The Prime Minister also announced plans to cut red tape around permitted development rights so farmers can develop buildings and diversify their businesses. Fairness in the supply chain was also on the agenda – new regulations for the dairy sector are presently on Parliament’s table – the focus on reasonable and transparent contracts, with similar regulations for the pig sector due to come later this year, with the egg sector expected to follow. A new supply chain fairness review of the poultry sector is also set to be launched, and Defra is expected to consult stakeholders on whether the sheep and beef sectors should follow. 

Horticulture, however, was the glaring omission in the government’s future plans, something that Harriet Bell, Regenerative Farming Lead at Riverford Organic Farmers, feels the public ought to be questioning: “Horticulture is the smartest option for UK food security, both for our own health and the health of the environment. That no mention of this sector was made by the Prime Minister, despite the government’s Fresh Produce Supply Chain review still being open for comment, shows just how undervalued this essential sector really is.

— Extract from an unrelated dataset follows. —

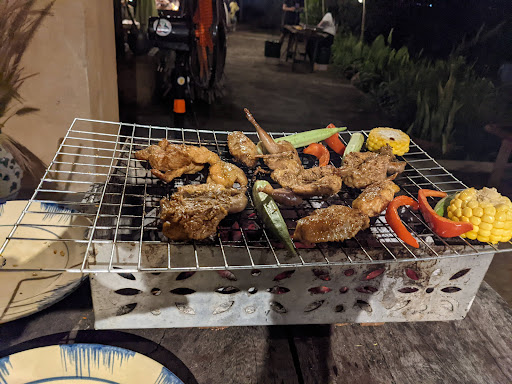 Read moreTình cờ thấy trên map hình nhà gỗ đẹp quá nên mình gọi hỏi phòng dịp lễ nhưng mà đã hết phòng, bữa đó chạy vô chơi mà hơi trễ, trời tối + combo lạc đường do đi đường tắt theo gg maps :). Đi tới đây thì các bạn nên đi thẳng đường lớn Lạc Long Quân tới cửa hàng vật liệu xây dựng Nghĩa, từ đây có 1 đường nhỏ chạy thẳng vào, khúc ngoài nhựa khúc trong đường đất nhưng đi cũng dễ chứ ko đến nỗi, trời mưa thì chắc là khó đi hơn, đi tay ga hay sedan vô cũng dc vô tư ko vấn đề. Đừng đi đường dân cư vòng qua gần hồ, đoạn 500m cuối là đường ruộng tối đen, kiểu xe bán tải offroad mới đi nổi, nên mình phải vòng ra lại. Ở đây thì cảnh, nhà gỗ siêu đẹp chụp hình bao xịn luôn. Có điều chắc bữa lễ khách đông nên chị chủ cũng hơi rối, không dc vui vẻ lắm. Với mình ko book dc phòng, chỉ vào chơi và gọi 2 phần nướng mỗi người 250k, tổng là 500k mà phần ăn chỉ như trong hình, mình thấy kiểu bị ít, dù phần thịt ướp ăn khá là ổn áp, còn rau xà lách trộn thì nước trộn ko ngon, như kiểu mua chai nước chấm siêu thị về bỏ thêm tỏi vào rồi đổ thẳng lên rau xà lách là xong. Nói chung ăn cũng...

Thank goodness for the British public, more than 100,000 of whom signed our Get Fair About Farming petition, demanding better treatment for our fruit and veg farmers who are on their knees – with almost half expecting to be out of business within the year. We’re also perplexed as to why the government is failing to ‘join up’ regulation across the whole supply chain – instead, tasking different departments with regulating different parts of the samesupply chain. This feels like a recipe for siloed thinking and ultimately, exposes our farmers to supermarket exploitation of these weaknesses. It also ignores multiple, cross-party calls to review and strengthen the powers of the Groceries Code Adjudicator and bring desperately needed industry-wide reform to the sector.”